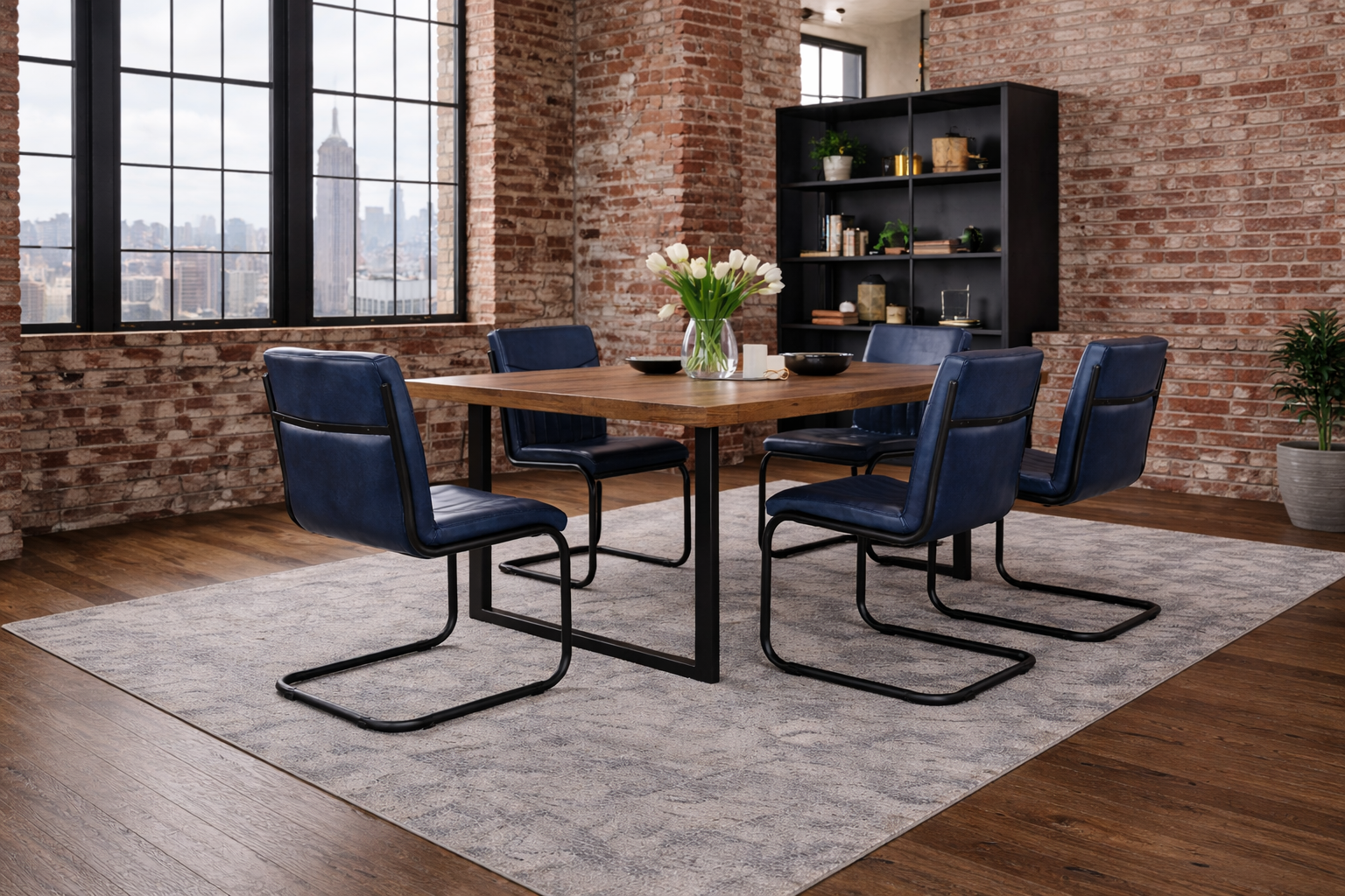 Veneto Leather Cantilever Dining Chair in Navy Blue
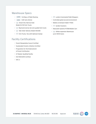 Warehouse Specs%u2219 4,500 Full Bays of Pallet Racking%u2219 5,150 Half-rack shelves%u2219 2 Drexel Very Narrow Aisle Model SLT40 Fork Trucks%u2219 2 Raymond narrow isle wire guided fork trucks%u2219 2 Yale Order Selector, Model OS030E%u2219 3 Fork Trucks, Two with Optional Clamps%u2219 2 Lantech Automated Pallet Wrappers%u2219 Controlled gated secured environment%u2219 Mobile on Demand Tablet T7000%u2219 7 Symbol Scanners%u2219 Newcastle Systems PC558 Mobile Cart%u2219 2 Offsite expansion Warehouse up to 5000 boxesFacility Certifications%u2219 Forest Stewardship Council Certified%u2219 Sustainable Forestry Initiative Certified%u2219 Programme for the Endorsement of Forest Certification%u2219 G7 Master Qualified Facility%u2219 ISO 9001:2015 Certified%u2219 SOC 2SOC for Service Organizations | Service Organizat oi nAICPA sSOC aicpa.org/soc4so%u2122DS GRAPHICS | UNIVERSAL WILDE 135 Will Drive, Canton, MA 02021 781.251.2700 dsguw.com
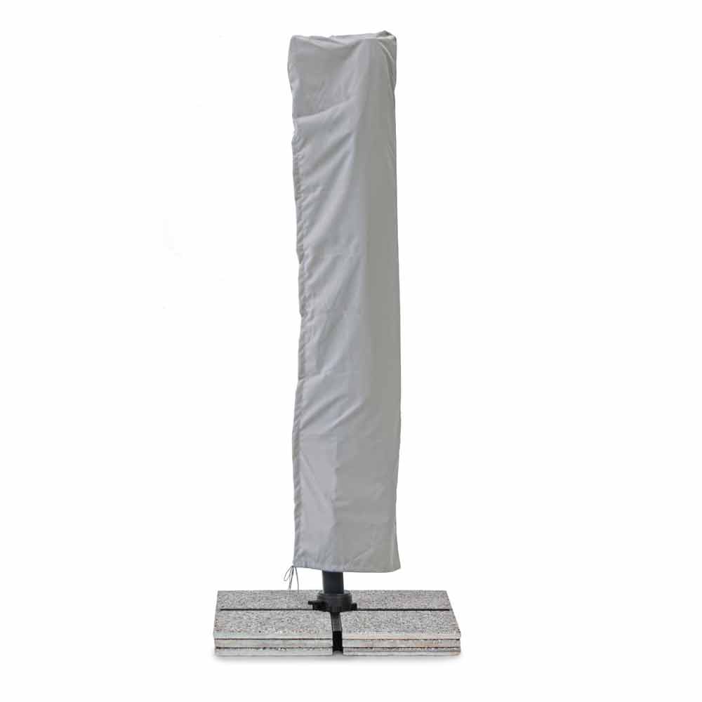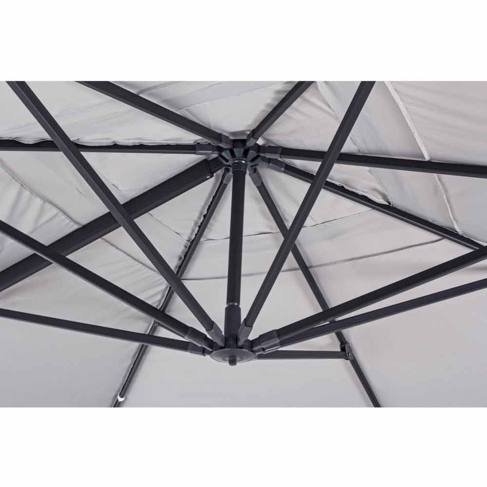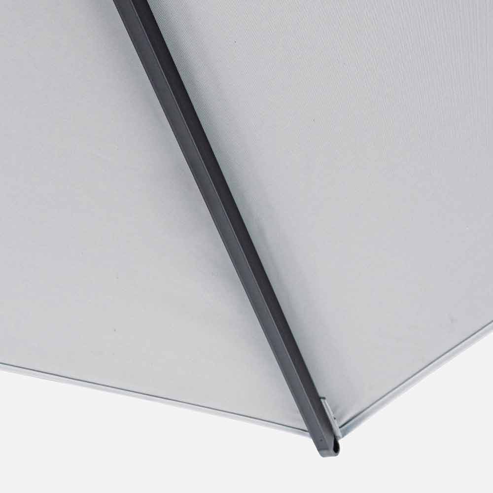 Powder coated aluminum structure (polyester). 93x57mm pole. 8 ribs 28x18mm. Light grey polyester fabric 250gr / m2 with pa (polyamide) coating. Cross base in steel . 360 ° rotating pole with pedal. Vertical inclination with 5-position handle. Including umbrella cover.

----------

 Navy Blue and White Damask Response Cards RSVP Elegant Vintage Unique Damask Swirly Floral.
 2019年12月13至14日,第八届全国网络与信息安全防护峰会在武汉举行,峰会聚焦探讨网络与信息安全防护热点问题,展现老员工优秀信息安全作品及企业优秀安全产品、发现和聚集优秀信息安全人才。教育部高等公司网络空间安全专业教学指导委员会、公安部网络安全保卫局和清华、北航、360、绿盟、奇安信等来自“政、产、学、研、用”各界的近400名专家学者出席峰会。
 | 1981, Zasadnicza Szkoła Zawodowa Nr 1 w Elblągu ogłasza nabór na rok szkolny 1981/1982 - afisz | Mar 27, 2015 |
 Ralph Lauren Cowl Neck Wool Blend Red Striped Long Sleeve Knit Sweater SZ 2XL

----------

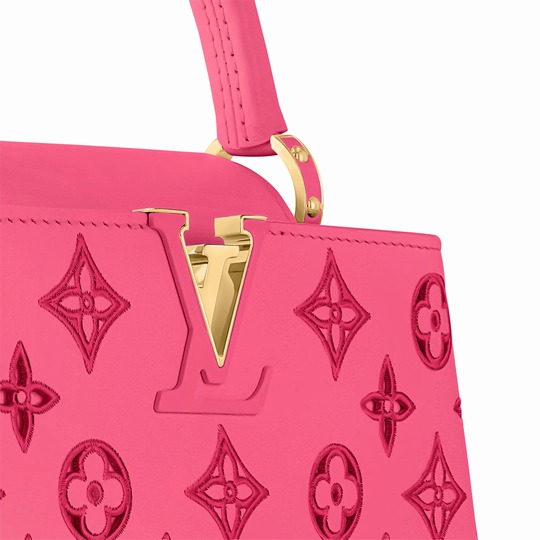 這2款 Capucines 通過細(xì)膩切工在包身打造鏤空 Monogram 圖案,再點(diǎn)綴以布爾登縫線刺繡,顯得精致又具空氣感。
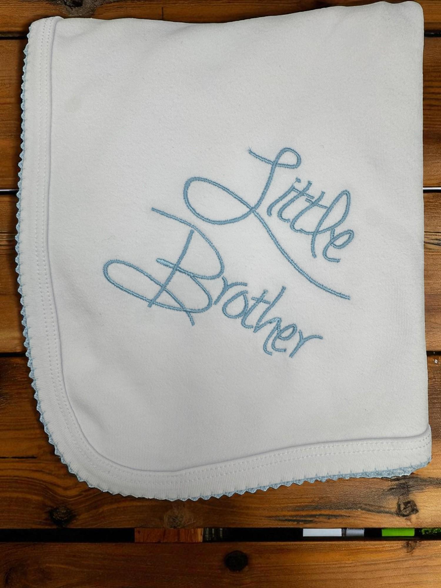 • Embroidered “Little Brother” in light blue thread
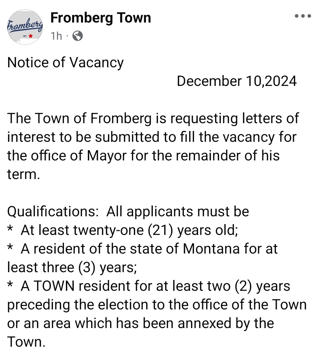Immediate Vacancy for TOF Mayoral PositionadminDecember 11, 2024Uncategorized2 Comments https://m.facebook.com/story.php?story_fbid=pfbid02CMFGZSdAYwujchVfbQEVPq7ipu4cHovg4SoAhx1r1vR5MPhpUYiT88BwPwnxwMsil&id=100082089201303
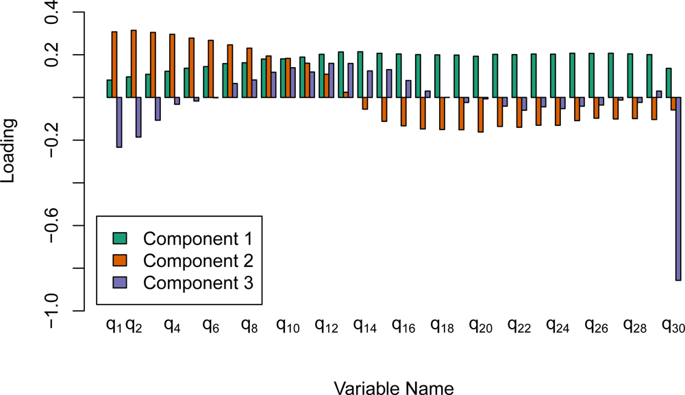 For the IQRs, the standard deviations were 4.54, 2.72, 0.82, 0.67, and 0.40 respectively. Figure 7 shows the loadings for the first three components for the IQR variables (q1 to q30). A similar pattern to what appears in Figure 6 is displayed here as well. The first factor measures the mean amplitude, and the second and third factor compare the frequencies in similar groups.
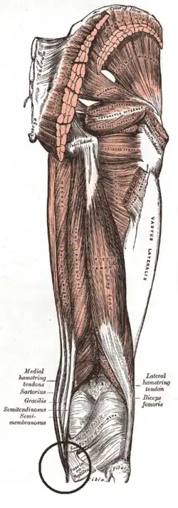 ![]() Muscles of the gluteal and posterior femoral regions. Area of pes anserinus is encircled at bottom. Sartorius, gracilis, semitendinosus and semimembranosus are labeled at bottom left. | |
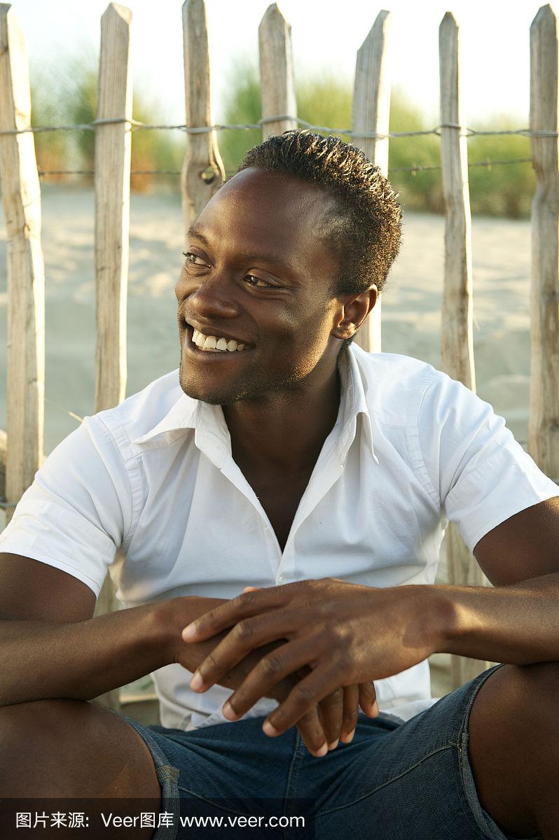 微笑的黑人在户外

----------

■ What to produce ■
The stretch to restate runs from the line above containing "這2款 Capucines 通過細(xì)膩切工在包身打造鏤空" through the line containing "Immediate Vacancy for". Copy it word for word, ends included, without pictures.

■ Result of this exercise ■
 這2款 Capucines 通過細(xì)膩切工在包身打造鏤空 Monogram 圖案,再點(diǎn)綴以布爾登縫線刺繡,顯得精致又具空氣感。
 • Embroidered “Little Brother” in light blue thread
Immediate Vacancy for TOF Mayoral PositionadminDecember 11, 2024Uncategorized2 Comments https://m.facebook.com/story.php?story_fbid=pfbid02CMFGZSdAYwujchVfbQEVPq7ipu4cHovg4SoAhx1r1vR5MPhpUYiT88BwPwnxwMsil&id=100082089201303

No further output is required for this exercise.